2003.07.06.
ヨハネ伝講解説教 第155回
――15:13-15によって――
「人がその友のために自分の命を捨てること、これよりも大きな愛はない」。この聖句が聖書の中で最も有名であるとか、あるいは重要であるとは言えないかも知れない。また、これは余りに重すぎる言葉だとして尻込みして、まともに向き合うことを避ける人も多いであろう。しかし、これはよく聞かなければならない主の言葉である。
また、この言葉が正しくない意図をもって、あるいは曲げられた解釈にしたがって利用されることがある。例えば、戦争の時代に、キリスト者の間では、戦争のために命を捨てるのはこの上ない愛の行為である、と力を入れて教えられていた。その教えをマトモに受け取って、戦争の虚妄を見抜こうとしないままに戦争に参加して死んで行った人がいる。教会で教えられたことを疑わなかった人の単純さを批判するのは余りに酷なことかも知れない。しかし、国のために命を落とすことが愛の業の極致であると教えて良かったのか。教会がそのような好い加減な聖書解釈を踏まえた説教をして、主の咎めを受けずに済むのであろうか。

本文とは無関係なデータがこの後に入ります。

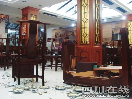 洪雅縣招商局局長(zhǎng)冷國(guó)民,帶著10余位親朋好友,也在該店“青衣江”包間內(nèi)用餐。飯后結(jié)賬時(shí),冷國(guó)民一行與收銀員在簽單上出現(xiàn)分歧,隨之發(fā)生口角。當(dāng)冷國(guó)民讓司機(jī)現(xiàn)金結(jié)清賬單后,其所帶男性客人在趕來(lái)“救場(chǎng)”的3名男子的帶領(lǐng)下,砸爛店內(nèi)桌椅、碗碟等,打傷兩名店員。

昨今、人々の身勝手な振る舞いは目に余るものがある。そこで、人々のため、国のために犠牲を厭ってはならない、と論じる人が増えて来た。それが尤もなことであると多くの人は支持を与えているようである。こうして人々の行動と思想を国家的に統制しなければならない、と政治家たちは主張し始めた。その場合の善悪の規準はどこにあるかを問いただすと、権力を持つ者の好き嫌いに過ぎないことが露わになって来る。つまり、権力のない人々が犠牲にされることによって、世の中が統制される。そのような秩序が貴い、と教えられるようになっている。
このような悪しき時代の中で、キリストの民が、この世の権力の押し付けて来る考え方に同調しないで、主の言葉を正しく、堅固に、そして深く解き明かす道を守り抜かねばならない。

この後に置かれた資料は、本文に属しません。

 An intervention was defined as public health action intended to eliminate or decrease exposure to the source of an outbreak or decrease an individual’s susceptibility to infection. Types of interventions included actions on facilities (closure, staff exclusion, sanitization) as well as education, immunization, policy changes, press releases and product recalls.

「人がその友のために自分の命を捨てること、これよりも大きな愛はない」。このことを主イエスは、第一に、御自身に関する事として語りたもうた。「人が……」と言われたのであるから、どの人にも適用できる。しかし、第一に、主御自身のなしたもうた御業をシッカリ捉えなければならない。そうしなければ、焦点が拡散してしまう。国のために死ぬことの意義について、教会が一番熱心に宣伝したというような忌まわしい事件は、この点の誤りから始まったと見るべきである。
特に今日、我々に差し出されている御言葉は、主イエスが十字架の死を目前にして語っておかれた箇所であって、彼の死が何であるかを教えようとされた宣言である。すなわち、前の節で、「私があなた方を愛したように、云々」と言われたが、その愛をさらに具体的に示されたのである。
「私があなた方を愛したように、あなた方も互いに愛し合いなさい」と命じられたのであるから、「私があなた方のために命を捨てるように、あなた方も互いのために命を捨てるべきである」という意味になるのは当然である。だから、ヨハネの第一の手紙3章16節に、「主は私たちのために命を捨てて下さった。それによって、私たちは愛ということを知った。それ故に、私たちもまた、兄弟のために命を捨てるべきである」と言われるのは当然の結論である。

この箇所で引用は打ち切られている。